Memorial Day 2025
Some long weekend thoughts...belonging is older than language. As our tools get smarter and teams smaller, the question isn’t what we can build alone—but what we risk losing together.
I spent Memorial Day Weekend in a group of six people: three couples, lazily grazing white wood floors and cookie-crumb-littered countertops that smelled like a Northeast summer. Six is a good number…enough for quiet mornings where someone else has probably already made the coffee, enough to play four rounds of Fishbowl, enough to smush comfortably into a car to pick up pizza for dessert. To be honest, I’ve always been a little skeptical of group trips with couples. My going theory is that having your safest person in the room can make it easy to default to the familiar, to share less. Empirically, though, given the easiness of the weekend, the way it settled into its own regenerative flow, I might be wrong. And so I found myself wondering: was it something about the number? Or was something else quietly at work beneath the surface?

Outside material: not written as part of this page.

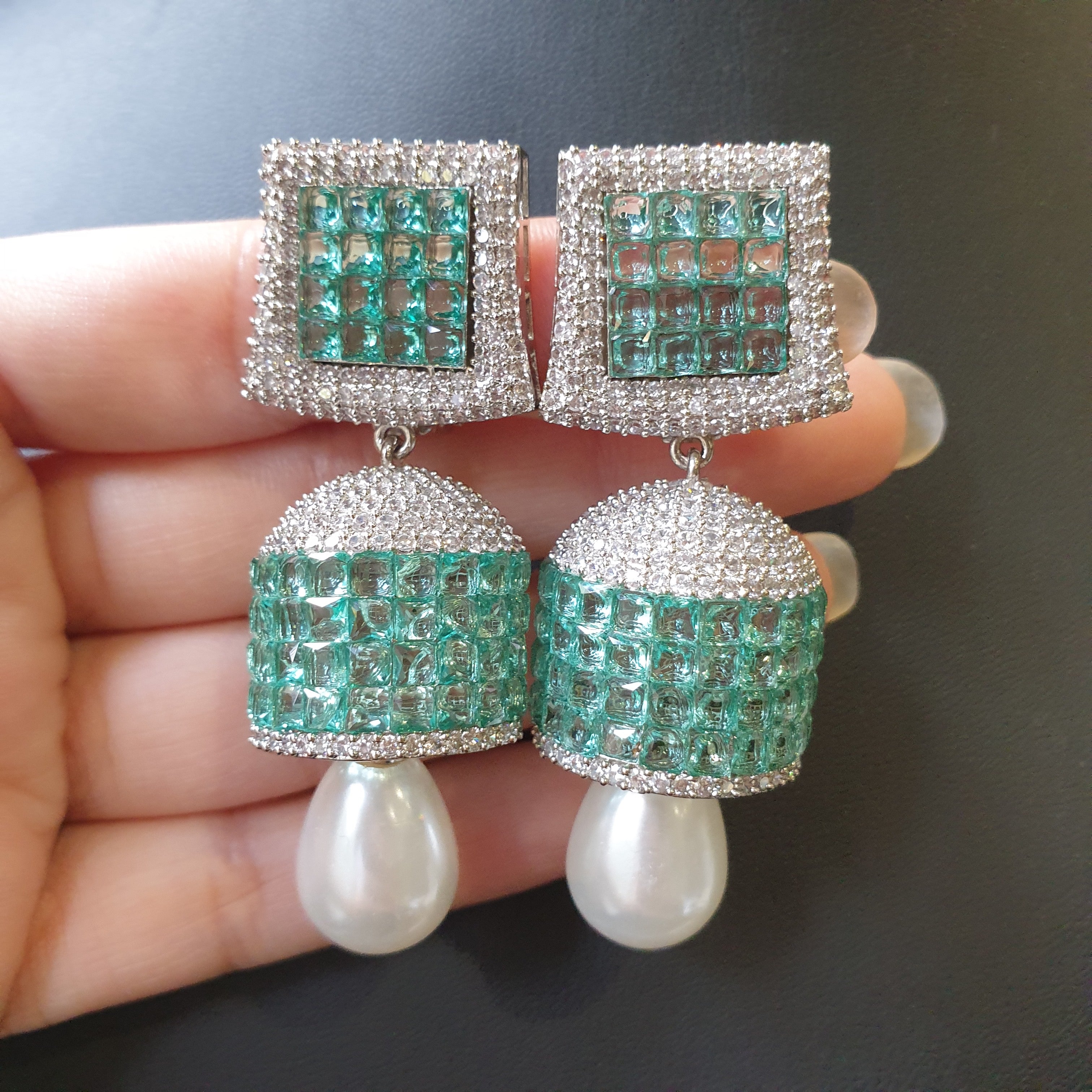 Add a refreshing pop of color to your look with these stunning sea green earrings, beautifully accented with sparkling cubic zirconia for extra brilliance. The stones are elegantly set in a white gold plated finish, creating a radiant contrast that enhances their vibrant hue.

We all know the adage: two’s company; three’s a crowd. The three-body problem is famously unstable. Vogue recently published a piece titled “If The White Lotus Teaches Us Anything, Let It Be This: Never Take a Three-Person Girls’ Trip.” In other words, triadic tension tends to wobble, and someone always ends up orbiting. Four is more stable, but can split into predictable pairs. Five is tricky with a “swing vote” dynamic. But what about six? No laws of nature are compelling you into any one configuration: you can be three couples, or two triplets, or, in poetic terms, a quatrain and a couplet (the closing 6 lines of a Shakespearean sonnet), or a complete sestet (the closing 6 lines of a Petrarchan sonnet). Like a jazz sextet, to borrow this time from musical terms, there is harmony with responsibility in every note.

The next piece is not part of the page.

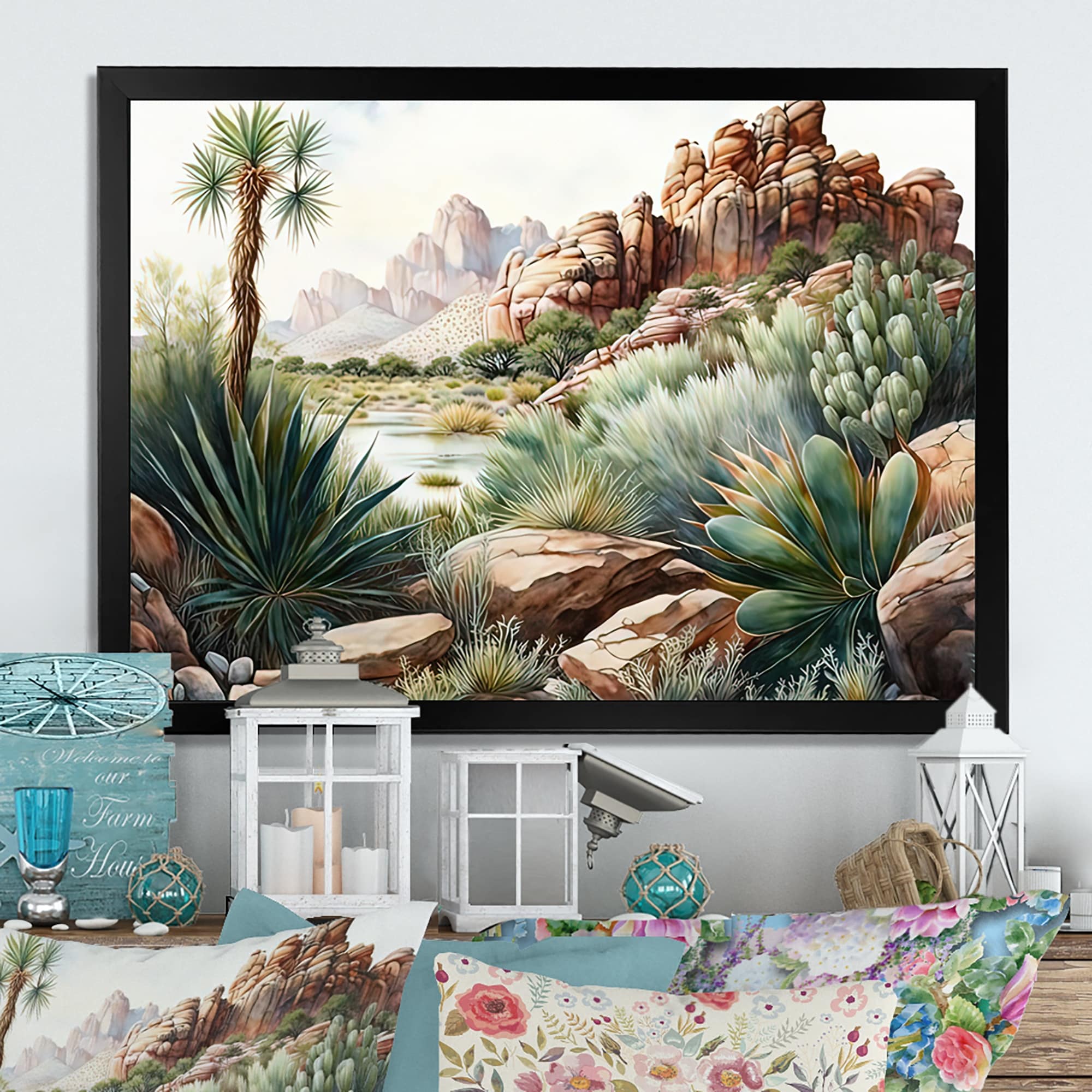 Designart "Arizona Desert Cactus II" Southwestern Framed Art Print

Still, numbers alone don’t guarantee intimacy. I’ve been in groups of three that felt expansive, and in groups of eight where no one said anything real. Anthropologist Robin Dunbar might explain that it’s a question of cognitive load. His research suggests our brains are wired for layered social circles (interestingly in multiples of five): five intimate ties, fifteen close friends, and fifty meaningful connections. But intimacy isn’t just about who fits in which layer—it’s about how fluidly people can move among them. Some of the most electrifying moments happen in the liminal space, when someone who was once a plus-one becomes a confidant, or when two people make an unexpected connection that shifts the group’s center of gravity.

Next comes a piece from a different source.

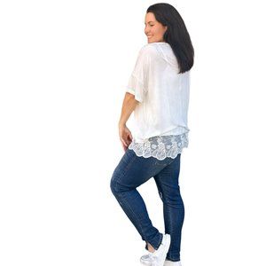Culture Code White Crew Neck Exposed Yoke Seam Short Sleeve Boxy Top CAY1646

The fabric of intimacy. There’s a specific kind of intimacy that lives in the pause before someone speaks. Silence can be deeply meaningful when met with attention—when we bask in the safety it invites. I think these brief moments compound, like a symphony of micro-calibrations that move a group from coordinated to connected. Human glue made of shared time, and maybe a second glass of wine.
Intimacy also scales through narrative. The Science of Storytelling explains that humans bond through the stories they share. Every group has an implicit script: heroes vs. villains, what the good guys are fighting for, and how gravity works in their world. To belong, you internalize the story. To matter, you become the protagonist. In his writings, Yuval Noah Harari uses the term "imagined orders" to describe shared beliefs and stories that humans create to organize society and assign meaning to things. These imagined orders (e.g., myths, religions, laws, and ideologies) enable large-scale human cooperation by shaping trust and understanding. They are based not necessarily on objective truth, but rather on collective belief. It’s how Theranos was able to raise $9 billion—not because the tech worked, but rather because people wanted to believe in the myth of a “female Steve Jobs.” More than just backing a diagnostics company, they were buying into a modern reimagining of an old origin story.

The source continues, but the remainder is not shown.